I'm sorry, but I do. It's easy. You just listen to the leadership and you can repeat their views. He actually lost the services a long time ago, but now it's getting worse for him.


----------



## The Outlaw *BANNED* (Sep 8, 2020)

messy said:


> I'm sorry, but I do. It's easy. You just listen to the leadership and you can repeat their views. He actually lost the services a long time ago, but now it's getting worse for him.


Yes, you are sorry.  And just like you think you speak for the "majority of Americans", you're full of shit.


----------



## messy (Sep 8, 2020)

The Outlaw said:


> Yes, you are sorry.  And just like you think you speak for the "majority of Americans", you're full of shit.


I do, though. Sorry.


----------



## The Outlaw *BANNED* (Sep 8, 2020)

messy said:


> I do, though. Sorry.


No, you speak for yourself and your other profiles here.  That's it.


----------



## messy (Sep 8, 2020)

The Outlaw said:


> No, you speak for yourself and your other profiles here.  That's it.


Sorry. I reiterate the views of the US military, as well as the majority of Americans.
You don’t have to agree with that majority or military. You still have the right to express your views and vote. 
That freedom is a major foundation of our republic.


----------



## The Outlaw *BANNED* (Sep 8, 2020)

messy said:


> Sorry. I reiterate the views of the US military, as well as the majority of Americans.
> You don’t have to agree with that majority or military. You still have the right to express your views and vote.
> That freedom is a major foundation of our republic.

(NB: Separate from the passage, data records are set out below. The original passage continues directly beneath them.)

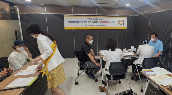 건강충전소는 서로신협 조합원 8천 명을 대상으로 혈압, 혈당, 콜레스테롤 등 기초 검사와 1:1 맞춤 건강상담 등을 하며 아울러 석남건강생활지원센터 사업 홍보를 위한 프로그램이다.
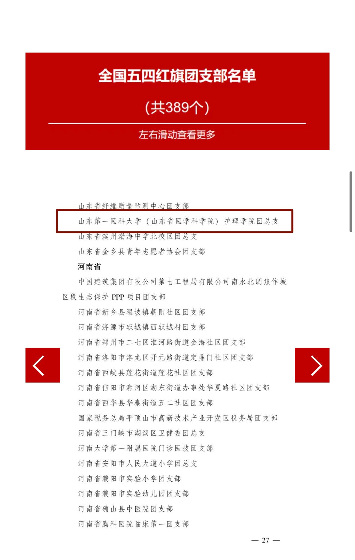 近日,共青团中央下发《关于表彰全国五四红旗团委(团支部)、全国优秀共青团员、全国优秀共青团干部的决定》,山东第一医科大学(山东省医学科学院)护理学院团总支荣获“全国五四红旗团支部”称号。护理学院团总支是全省高等教育系统唯一获此殊荣的基层团组织,实现了校(院)共青团工作的新突破。
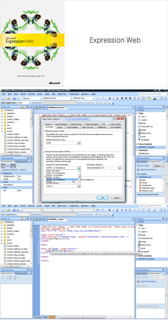 표준 기반 웹사이트 제작이 가능한 새로운 Microsoft의 웹페이지 저작 도구 입니다. CSS기반, XHTML1.0 기반 웹사이트를 기본적으로 지원합니다. 손쉬운 배포와 유지 관리가 가능한 장점이 있으며 HTML/XHTML/Strict/Transitional/Frameset and CSS 1.0/2.0/2.1을 기본적으로 지원하고 브라우저 특화 스키마 역시 지원합니다. 웹사이트에 대해서 자동적으로 CSS나 호환성 기능 등, 다양한 로직을 검사하는 루틴이 포함되어 있어서 표준 웹사이트 제작을 손쉽게 진행 가능한 장점이 있습니다. 특히 CSS 저작기능 강화로 최신 스타일의 CSS 레이아웃을 구현 가능하고, css의 속성들을 드래그 앤 드롭 기능으로 빠른 적용이 가능합니다. CSS가 적용된 페이지 디스플레이 및 저작 기술도 향상되어 새롭게 적용되거나 변경된 CSS를 페이지에서 직접 보면서 작업도 가능합니다.

No, you really don't, because there are approximately 330M Americans and approximately 1.5M military personnel.  When you get a chance to speak with more than 165M citizens, and 750,000 soldiers, you come tell me what the "majority" says.  Until then... you're still full of shit.


----------



## Hüsker Dü (Sep 8, 2020)

messy said:


> Sorry. I reiterate the views of the US military, as well as the majority of Americans.
> You don’t have to agree with that majority or military. You still have the right to express your views and vote.
> That freedom is a major foundation of our republic.

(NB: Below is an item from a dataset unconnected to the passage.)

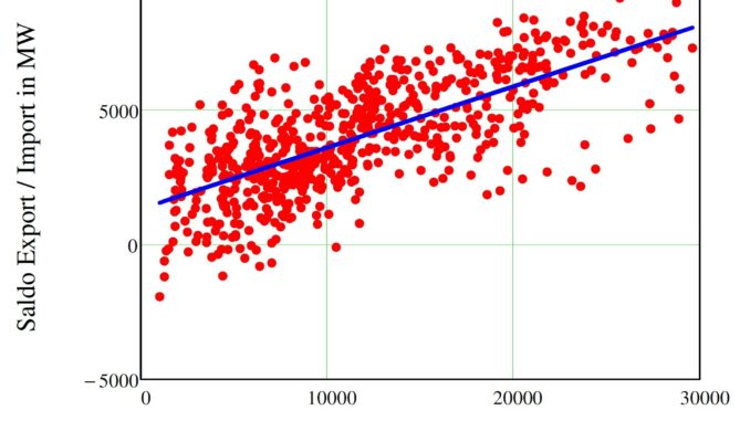 Ja, das ist die exportierte Leistung im Saldo, d.h. Export minus Import, denn meistens wird gleichzeitig exportiert (meist im Norden und Osten) und importiert (im Westen, vor allem im Südwesten). Aussage dieser Grafik ist, dass bei höherem Aufkommen von EE-Strom mehr exportiert wird (bis zu den negativen Preisen). Der Notexport ist also durch den enormen Anfall an Wind- und Solarstrom verursacht, nicht durch „inflexible“ oder „verstopfende“ Kraftwerke. Mfg Frank Hennig

We are literally at the point where trump himself could tell his supporters at a rally that they are all suckers and losers and they would cheer him while chanting his name. Then say that’s not what he meant, then that he never said that.


----------



## The Outlaw *BANNED* (Sep 8, 2020)

Hüsker Dü said:


> We are literally at the point where trump himself could tell his supporters at a rally that they are all suckers and losers and they would cheer him while chanting his name. Then say that’s not what he meant, then that he never said that.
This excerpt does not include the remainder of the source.